Thus, this Court finds that upto the learned first appellate court the finding is that the respondent is the owner of the suit property. Now, there is no dispute that the defendant/appellant is in possession of a portion of the suit property, as the plaintiff has filed a suit praying, inter alia, for recovery of possession of the suit property. Since the defendant/appellant has failed to prove his ownership in respect of the suit property, the learned lower appellate court has found that the defendant is in illegal possession of the suit property. Now this Court intends to deal with the question of applicability of section 53A of the Transfer of Property Act, 1882. Before dealing with this aspect any further, it should be noted herein that none of the parties have brought on record the alleged power of attorney and/or the agreement for sale. It appears that only xerox copy of the power of attorney and agreement for sale were produced before the court. The original documents are not on record as it has already been found by the learned lower appellate court. The learned advocate appearing on behalf of the appellant has submitted that the learned lower appellate court has failed to consider section 53A of the said Act of 1882. The said learned advocate has submitted that the plaintiff has alleged that she has purchased the suit property, but she has not filed any sale deed. This aspect of the matter has already been discussed above and it has been found by the learned lower appellate court that in the facts and circumstances of the case, there was no necessity of sale deed. The learned advocate has rightly submitted that the plaintiff has not produced in evidence the original documents. But, it has to be noted that the defendant also has not brought on record the original documents. Thus, both the parties have not brought the said two documents on record in its original form. The learned advocate appearing on behalf of the appellant submitted that the defendant is the husband of the plaintiff and therefore, the custody of the relevant documents are now with the plaintiff. The learned lower appellate court has observed that such argument is not convincing at all.
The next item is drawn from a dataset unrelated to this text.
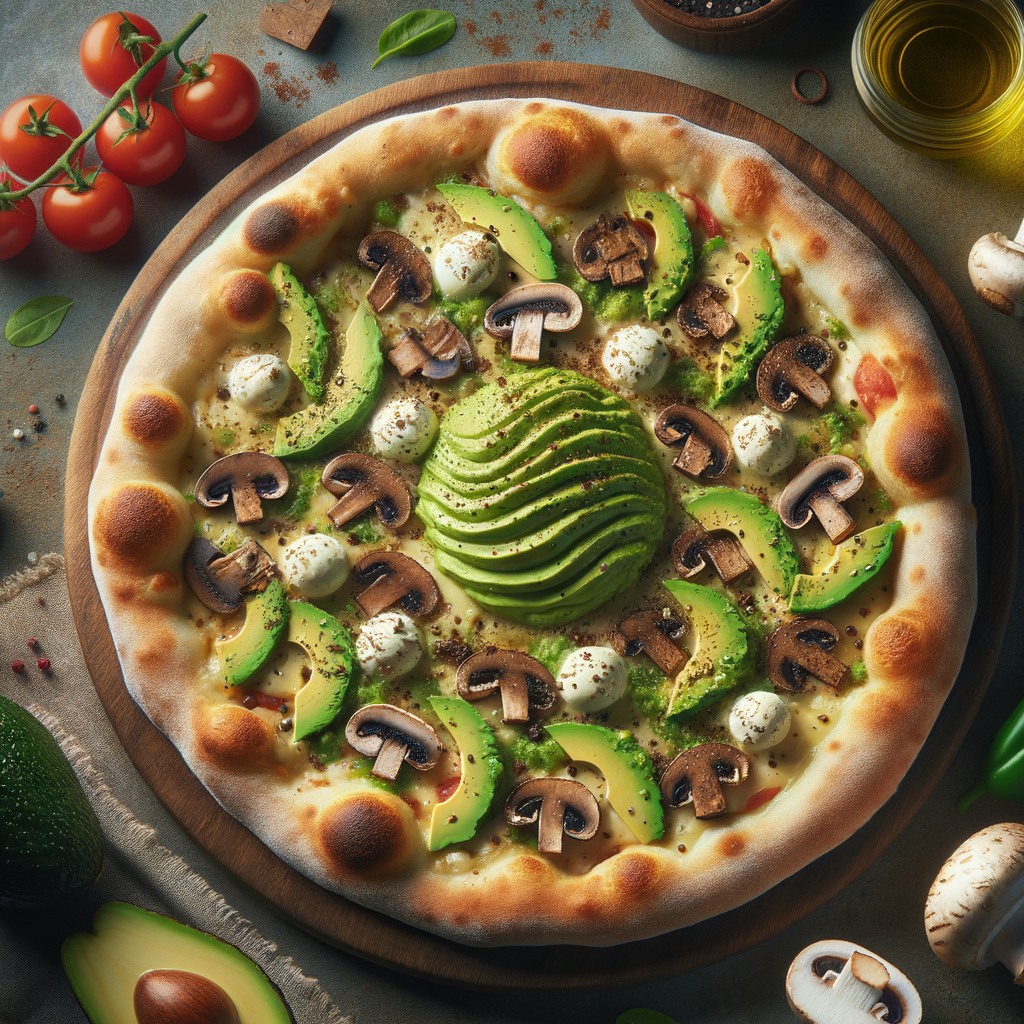 Thin-crust pizza topped with a smooth avocado spread, truffle oil, wild mushrooms, and mozzarella cheese, creating a luxurious gourmet experience.
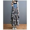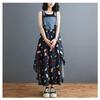 Women's Loose Chiffon Printed Denim Suspender Mid Length Dress

The learned advocate appearing on behalf of the appellant submitted that the defendant is the husband of the plaintiff and therefore, the custody of the relevant documents are now with the plaintiff. The learned lower appellate court has observed that such argument is not convincing at all. This Court is also of the view that even if it is assumed for the sake of argument that the parties have been married, even then, the Court cannot come to the conclusion that the documents which were supposed to be in the custody of the defendant is now in the custody of the plaintiff. The learned advocate appearing on behalf of the appellant referred to paragraph 12 of the written statement and submitted that the defendant has pleaded that the defendant has incurred the entire expenditure of the construction of the building. Even if it is assumed for the sake of argument that the defendant has, in-deed, made expenditure in respect of the said building, no right can accrue in favour of the defendant since the defendant has no right, title and interest in the suit property. That apart, the documents on record show that it is the plaintiff who has obtained loan for the purpose of making construction on the suit property. The defendant’s version of the story is not acceptable. The argument of the learned advocate for the defendant/appellant that the plaintiff has failed to prove her title is also unacceptable in view of the materials on record as already found by the learned lower appellate court. The learned advocate appearing on behalf of the appellant has further referred to the evidence of the plaintiff wherein she has stated that the agreement and the power of attorney have not been cancelled by her. But she has also stated in evidence that she has prayed before the court to declare those documents as null and void. The learned advocate appearing on behalf of the appellant submitted that a fact admitted by a party need not be proved by the other party in terms of section 58 of the Evidence Act. In this particular case, it appears that the title in respect of the suit property was in dispute from the very beginning. But both the parties have not filed their respective original documents.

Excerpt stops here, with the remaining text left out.